An order under section 144, which is indefinite as to time is to that extent one made without jurisdiction.9Cherappai v. Mathoo, ILR 1961 (1) Cr LJ 659. The deciding authority for lockdown as above mentioned is the NDMA headed by the Prime Minister. He decides the extent of the lockdown. Whereas, when it comes to a curfew under section 144 A District Magistrate is the final authority in the District. He/she determines whether there should be any interference with the liberty of the subject, and, if so, to what extent; for the purpose of maintaining public tranquillity or preventing breaches of the peace and has the power to interfere with what he considers a needless exercise by a Subordinate Magistrate of the special powers given by subsection (1).10Ponnambala v. Dorai, AIR 1937 Mad 167
Section 144 is an absolute authority to shut down whatever is so ordered by the district magistrate. It also includes blocking of internet and mobile services. The order under section 144 cannot remain in force for more than two months; with the exception that the state government has the power to extend it by two months to maximum of six months. Furthermore, the order can also be withdrawn as per the satisfaction of the magistrate.
Effect of violation
For any individual to be charged for violation of section 144, the requirement is of a complaint which needs to be made under section 188, IPC, this can be made only after a valid order under section 144 has been promulgated.11Sri Ram Das Gaur vs. The City Magistrate, Varanasi, AIR 1960 All 397 The Magistrate making an order under section 144 has to bring a complaint about an offence under section 188, IPC, before a competent Magistrate under section 195, CrPC.12Sri Raj Narain Singh and Ors. vs. District Magistrate, Gorakhpur and Anr. AIR 1956 All 481
It has also got to be proved that the act of disobedience was such as caused or involved the risk of a breach of the peace or other danger or trouble. 13Dabiruddin Mohammad and Ors. vs. Emperor, AIR 1930 Cal 131 Unless the disobedience of the order, viz., not to cultivate lands in the bed of a tank, causes or tends to cause obstruction, annoyance or injury, etc., to any person lawfully employed; or causes or tends to cause danger to human life, health or safety, or causes or tends to cause a riot or affray, a person cannot be convicted under section 188, IPC14 Supra note 12
Additionally, under section 188 the punishment the violators will be granted is imprisonment of either description for a term which may extend to six months, or with fine which may extend to one thousand rupees, or with both.
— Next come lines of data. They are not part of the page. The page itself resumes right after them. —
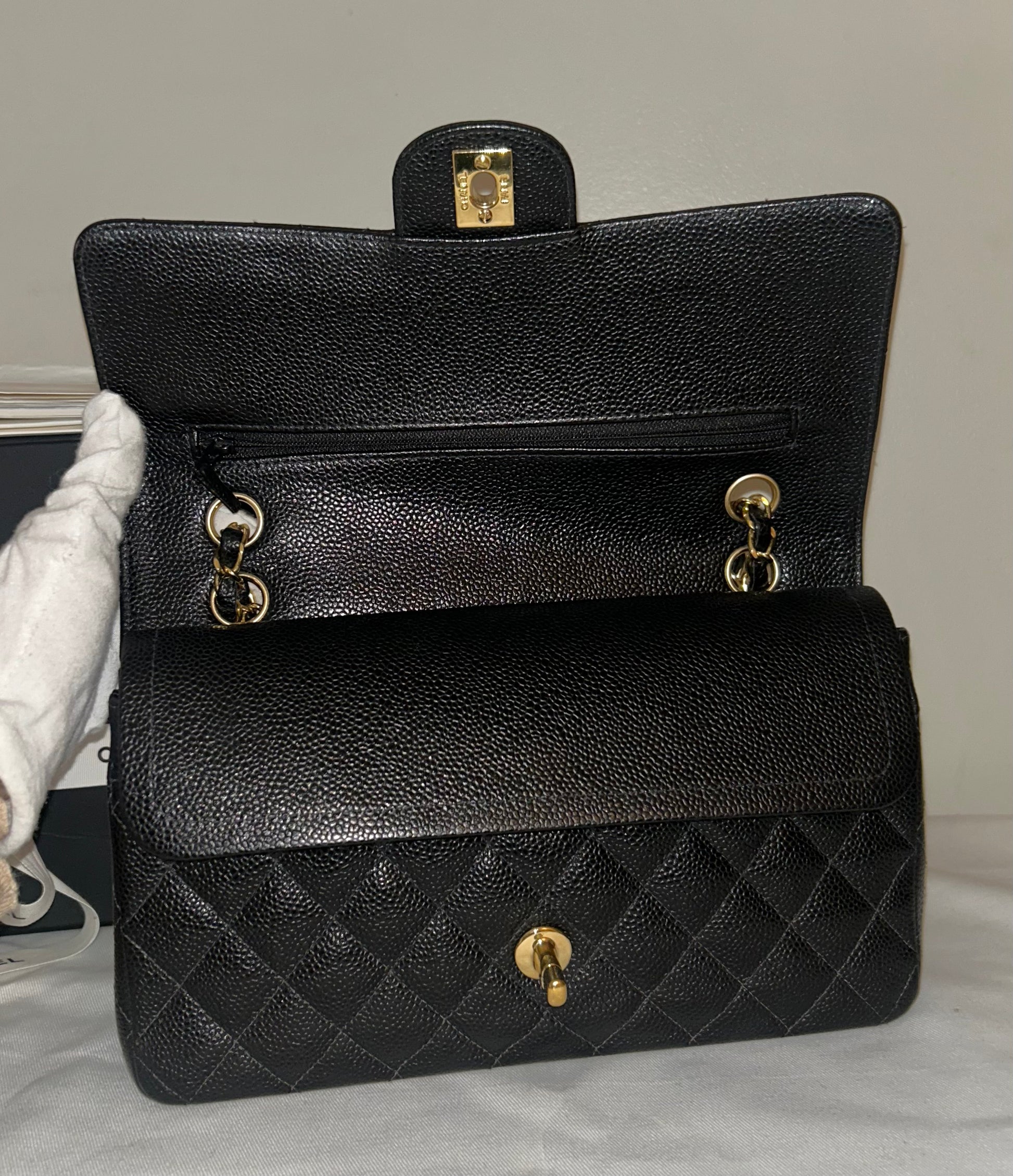 CHANEL Medium Classic Double Flap Caviar Quilted Handbag Black / 24k Gold
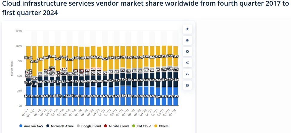 - Amazon.com, Inc.’s AWS continues to dominate cloud infrastructure, driven by enterprise migration to the cloud for cost and performance benefits, especially for AI applications.
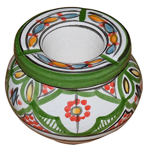 -. Binding : Automotive -. Brand : Ceramic Ashtrays -. Color : Green -. Feature : Small :3.5 inches W x 3.5 inches H / Protect your furniture from cigarette ashes with this exquisite ceramic ashtray / This is an authentic, handcrafted Moroccan Ashtray / Efficient in reducing smell of smoke with no mess that comes after / Top part removable to throw away cigarettes and fits back easy -. Label : treasuresofmorocco.com -. Manufacturer : treasuresofmorocco.com -. PackageQuantity : 1 -. ProductGroup : Home -. ProductTypeName : AUTO_ACCESSORY -. Publisher : treasuresofmorocco.com -. Studio : treasuresofmorocco.com -. Title : Moroccan Handmade Ceramic Ashtrays Smokeless Cigar Exquisite design with Vivid Colors
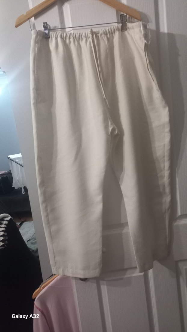 Kadınlar için beyaz keten pantolon, bol kesim ve midi boy ile rahat ve şık bir görünüm sunar. Düz ve desensiz, günlük,ofis,eglence kullanıma uygundur.
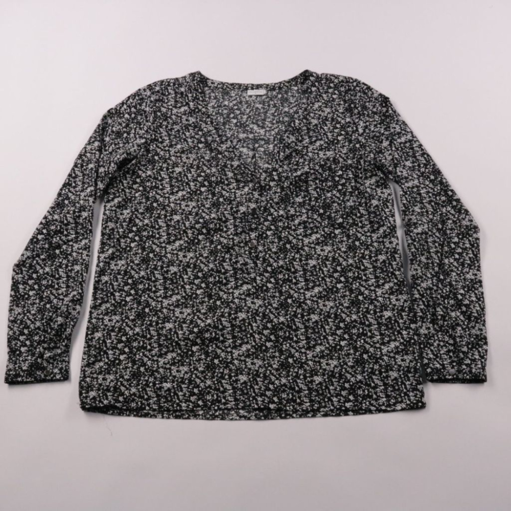 Женская блузка Jacqueline de Yong чёрного цвета с мелким белым принтом, длинный рукав и V-образный вырез. Подойдёт для офиса и на каждый день, легко сочетается с джинсами или юбкой. Практичный плюс — лёгкая ткань и простой уход.
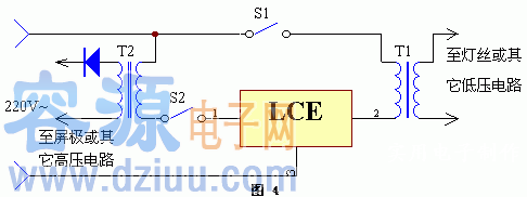 該裝置的應用電路工作原理見下圖。在一些由真空管組成的電子設備或其它某種設備中,對于幾種電源電壓,如高壓、低壓需按一定的順序啟動。如果一時疏忽,可能會誤操作。而利用LCE模塊則可以使這個問題迎刃而解。T1是低壓變壓器,它的初級線圈串聯在LCE的②腳中;T2是高壓變壓器,這的初級線圈串聯在LCE的①腳中。正常啟動的順序應是:先按下開關S1,過一會兒,讓真空管的燈絲預熱后,再按動開關S2。如果其操作順序相反,先按動開關S2,其電路是不會工作的,這樣就能確保操作程序的正確性。

To sum up, although there are similarities between lockdown and curfew, they are different and the manner of invoking them is also different. Lockdown is invoked by the central government, whereas curfew is invoking by a district magistrate. During COVID-19, lockdown is for the entire nation, but the curfew was implemented in a few select states.
Ultimately, we need to be careful and avoid going out and crowding. The purpose of both of these is to keep us safe. It is recommended whatever is invoked by it lockdown or curfew we follow it strictly.